The present research was carried out in 2012 – 2018 in the foothill zone of the Krasnodar Territory, both in the field and in greenhouses. The material was sampled using pitfall (Barber) traps, each trap was a 0.5 liter plastic glass with a 90 mm diameter input, filled up to one third with a fixing liquid, either 9% solution of acetic acid (for taxonomic and dynamics studies) or 4% formalin (for the anatomic studies), traps were protected from rainfall by plastic covers pinned 2 cm above the ground. A series of 10 traps was placed at intervals of 4-10 m on experimental plots. The material was sampled every decade. In some experiments, the “sector” traps were used to study surrounding biotopes – sources of migrants. Some carabids were also collected manually. The physiological state of adult carabids was determined according to Wallin [2], with some modifications [3]. Life cycles and demographic structure were described using the conventional terminology [4].

3 Results and discussion

Studies carried out in the foothill zone of the Krasnodar Territory in 2013 at two neighboring experimental agrarian sites, first treated according to the organic farming principles, and the second, not affected by agricultural treatment for10 years, revealed significant difference in their species composition. Both species sets possess nearly the same composition of ecological groups, differences are observed in the abundance of species in each one. The maximum abundance of species of each ecological group was observed at the first plot. This is caused probably by forming preferable temperature and humidity conditions, thus organic farming techniques render a positive effect on the increase of species abundance of the predominant zonal ecological groups in comparison with the untreated plot. Both plots possess also nearly the same range of the adult life forms, difference affects species abundance of each one, being also higher at the first plot. It is possible to conclude, that introduction of the elements of organic farming in the foothills of the Krasnodar Territory attracts ground beetles and creates favorable conditions for realization of their life cycles, against the backdrop of an abandoned site. A separate study on the effect of organic fertilizers on ground beetles was also conducted at the same region. The experiment lasted from June 1 to September 1, 2015. As a result, 34 species were collected at the plot with application of organic fertilizers, and only 19 species at the plot without organic fertilizers, i.e. 1.7 times less. Almost identical trend was noted comparing the number of ground beetles individuals collected during the entire period of observations at the experimental sites, at the plot with application of organic fertilizers it exceeded the plot without organic fertilizers by 2.6 times. Analysis of the ecological groups’ composition of each site manifests only minor differences, though it is also more diverse at the first plot. A higher variety of the adult life forms was also observed there. These results confirm the positive impact of organic fertilizers on both species diversity and the number of carabids.
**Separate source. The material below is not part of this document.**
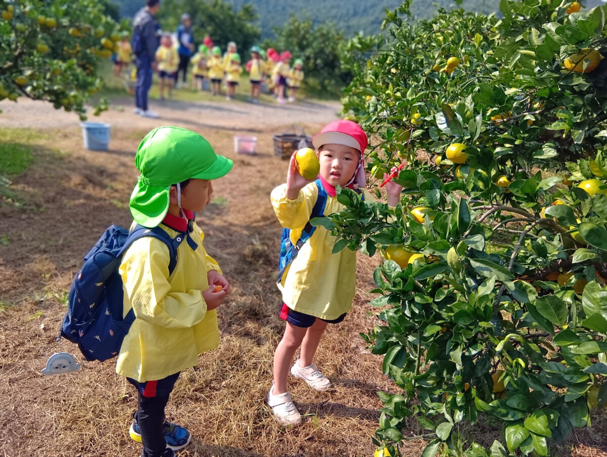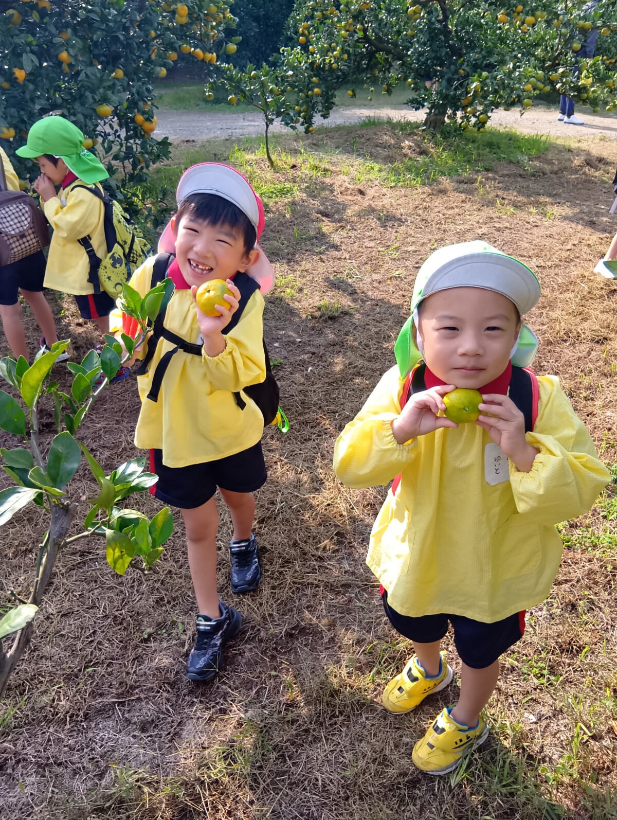「美味しいみかん見つけるぞー!」「大きいみかんがいいな~♪」と楽しい会話が弾んでいました。

An attempt was made to ascertain the role of greenhouses as “residential”, permanently populated by carabids, biotopes. A studied greenhouse with an area of 24 square meters was located at a homestead in the foothill zone of the Krasnodar Territory. The study was conducted from the third decade of December 2015 to the first decade of August 2016. It was revealed, that greenhouse is an unsuitable station for realization of the life cycle of the most carabids, and is “transit” for the bulk of species. However, two species (Harpalus rufipes Deg. and Pterostichus anthracinus Ill.) successfully develop in the protected conditions, besides beginning of their activity is recorded there earlier than at the surrounding homestead (Fig. 1).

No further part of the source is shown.